Потом снова на нас накатило.

Потом мы почувствовали зверский голод. Потом стали все-таки смотреть фильм и вместе уснули на середине.

Проснулись – полночь. Кино закончилось. Он поцеловал меня.

– Я пойду.

– Останься.

Зря я отступила от своих правил, хотя… Что-то бы разве изменилось?

– Мне надо отоспаться. Это лучше у себя. В Сети увидимся!

Ну да. Мы встретились в Сети в воскресный вечер и очень мило прошутили пару-тройку часов. И на работе, как обычно: «привет-привет».

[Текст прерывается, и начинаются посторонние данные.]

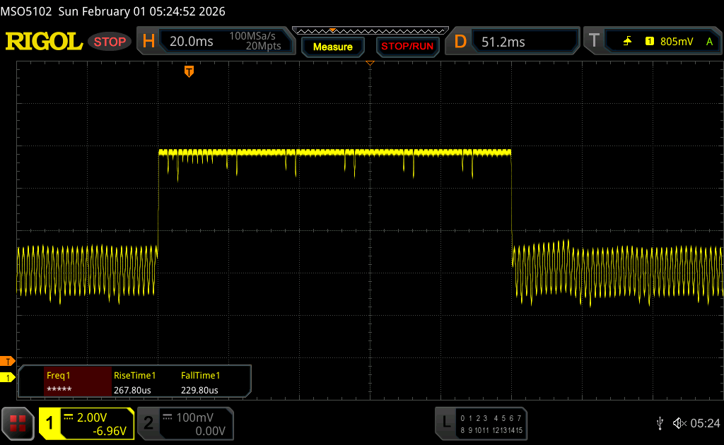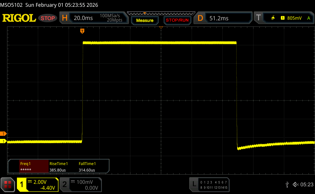 | 0.7 ms ... rise ↗ and fall ↘ combined | ↗ 0.39 ms rise | |

Я ждала, когда он предложит встретиться. Дождалась через две недели. Все прошло как в сказке. Потом я получила от него письмо: «Не удивляйся, что мы не встречаемся чаще. Я должен тебе сказать: ты прекрасная, невероятная. Я буду с тобой чаще. Но сейчас… Мое сердце не свободно. Никак не могу разделаться со старой мучительной любовью. Она меня выжала. Я отдышусь, и мы будем встречаться».

Я вообще ничего не поняла. Вообще ничего. Даже не огорчилась. Он же написал – по-честному, как настоящий мужчина, что понимает – мы слишком редко видимся. И что потом мы будем встречаться. А та его любовь – это плохое, это прошлое. А мы будем встречаться! Вот как!

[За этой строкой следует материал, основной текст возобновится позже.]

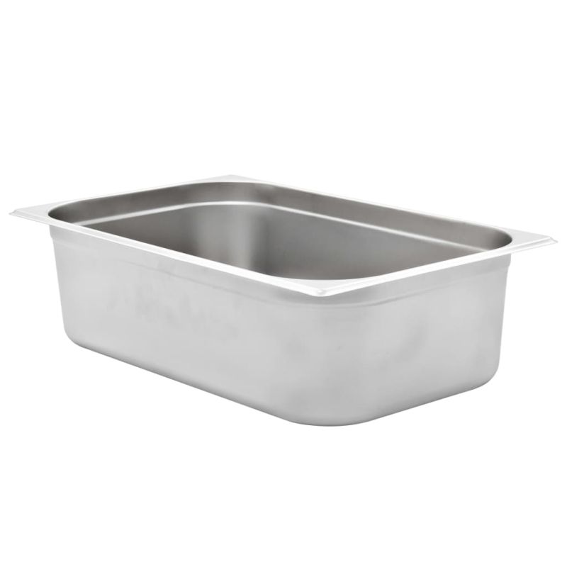 Тези стифиращи гастронорм контейнери ще бъдат чудесно допълнение към вашите кухненски съдове. Изработен от здрава неръждаема стомана, контейнерът за бен мари се отличава със здрава конструкция и се почиства лесно. Устойчивият материал предпазва тавите от драскотини и ги прави лесни за поддръжка. Тавата е с размери по стандарт гастронорм, което позволява универсална употреба и най-различни комбинации. Следователно тя ще се впише перфектно във всичките ви професионални кухненски шкафове и оборудване, като електрически сушилни, машини за миене на съдове и салатни барове. Съдовете могат да се подредят един в друга и да се приберат, за да пестят място, затова са много практични и идеални за използване в ресторанти, хотели, партита, както и у дома. Доставката включва 2 тави.
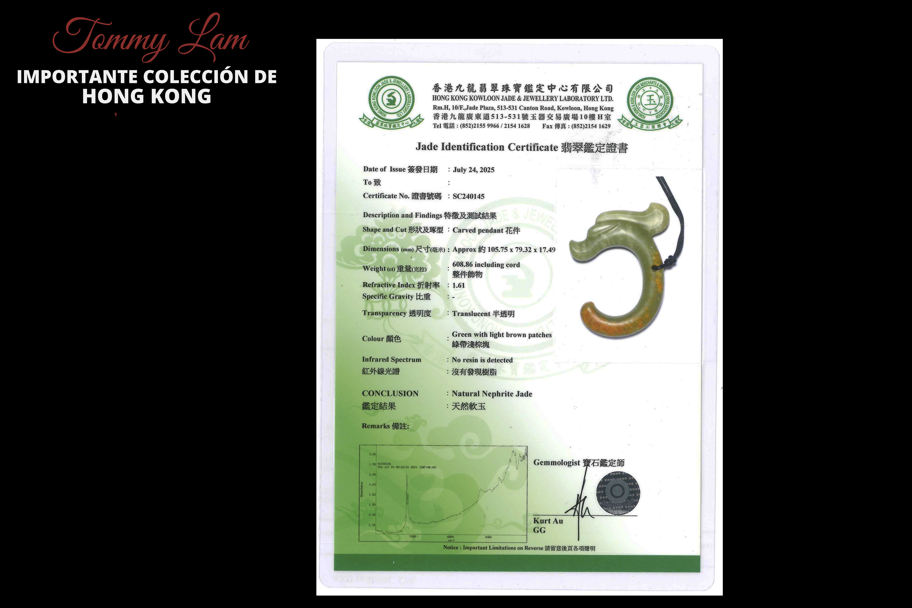 The piece is accompanied by a gemological certificate issued by Hong Kong Kowloon Jade & Jewellery Laboratory LTD in 2025. SC240145.

Я задала ему вопрос после письма: «Ты женат?» – «Нет, не женат».

О чем еще беспокоиться. Я подожду, когда он отойдет.

Так прошло больше года. Все равно это было счастье. Целый год счастья и напряженного ожидания. Я никогда ничего не предлагала первая. Всегда он. Мне себя не в чем упрекнуть. Однажды, после особенно прекрасной встречи (он даже остался у меня ночевать, и я почему-то подумала, что та его любовь уже в прошлом), я написала ему: «Я люблю тебя». Это само собой написалось. Я даже не хотела. Пальцы сами набили на клавиатуре эти три слова. А он ответил: «Дальше – тишина».

– Почему? – спрашивала я. – Почему? ПОЧЕМУ?

Он молчал.

Я рыдала и стучала по клавишам:

– Почему я не могу написать тебе это?

И потом, спустя три часа, он ответил:

– Я тебе все объяснил. Мы договорились.

Ах да! Мы же договорились! Я – во всем сама виновата. Мы договорились. Я не имела права писать это. У него же своя любовь. Свои чувства. Его все еще накрывает. А я… Так бестактно…

– Прости меня… Прости…

Потом все вошло в колею.

Я дорожила чувством к нему. Я дорожила вечерами за компом – с ним. Я дорожила встречами – когда он захочет. В конце концов – я счастлива. У меня – настоящее. Что будет – неважно. Важно то, что у меня есть. Такое, какое есть.

Я жила на таком напряге чувств, что худела и худела, сколько бы ни съела. И еще интересно: я не забеременела от него, хотя ничего не делала, чтобы ребенок не появился. Наверное, все во мне сгорало от немыслимой по силе любви.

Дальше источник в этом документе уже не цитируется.